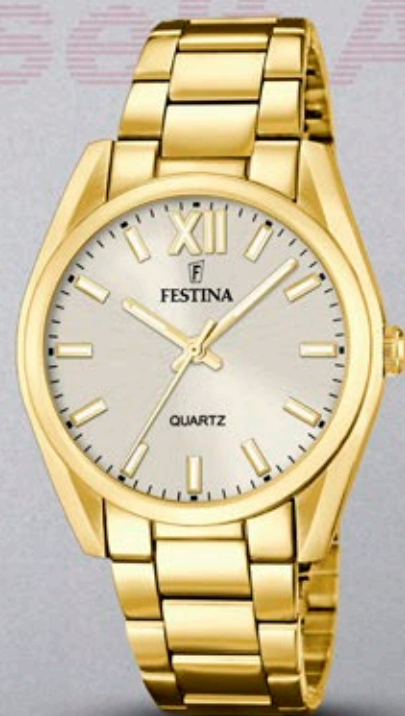
F20640/1 ANB. B2B ERHVERVSPRIS 640,- VEJL. PRIS: 1.198,-
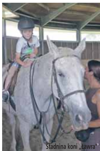
Stadnina koni „Ławra”
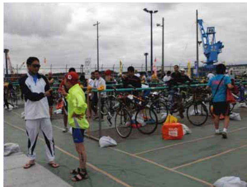
出場準備(一般・リレー出場者のトランジションエリアの様子)
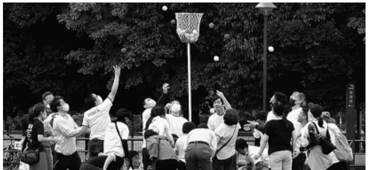
みんなで玉入れ 最多の38人が参加した準優勝の北事業所分会

熱戦が繰りひろげられました。「きずな駅伝」(1200mリレー)には15分会が参加。最大5人でタスキをつなぐ分会のプライドをかけたたたかいは会場は大いに盛り上がりました。「みんなで玉入れ」では、子供からシニアまで分会の仲間みんなが楽しめました。「ちびっこかけっこ」にも多くの行動提起として、今日の到達を報告。後半戦集まった仲間の協力と団結で、拡大月間最後まで多くの組合員との対話をすすめるようよびかけました。

::::::::

TASK BRIEF:
Wherever a picture appears, omit it; copy the rest of the data exactly.

ANSWER TO THIS PROBLEM:
F20640/1 ANB. B2B ERHVERVSPRIS 640,- VEJL. PRIS: 1.198,-
Stadnina koni „Ławra”
出場準備(一般・リレー出場者のトランジションエリアの様子)
みんなで玉入れ 最多の38人が参加した準優勝の北事業所分会

熱戦が繰りひろげられました。「きずな駅伝」(1200mリレー)には15分会が参加。最大5人でタスキをつなぐ分会のプライドをかけたたたかいは会場は大いに盛り上がりました。「みんなで玉入れ」では、子供からシニアまで分会の仲間みんなが楽しめました。「ちびっこかけっこ」にも多くの行動提起として、今日の到達を報告。後半戦集まった仲間の協力と団結で、拡大月間最後まで多くの組合員との対話をすすめるようよびかけました。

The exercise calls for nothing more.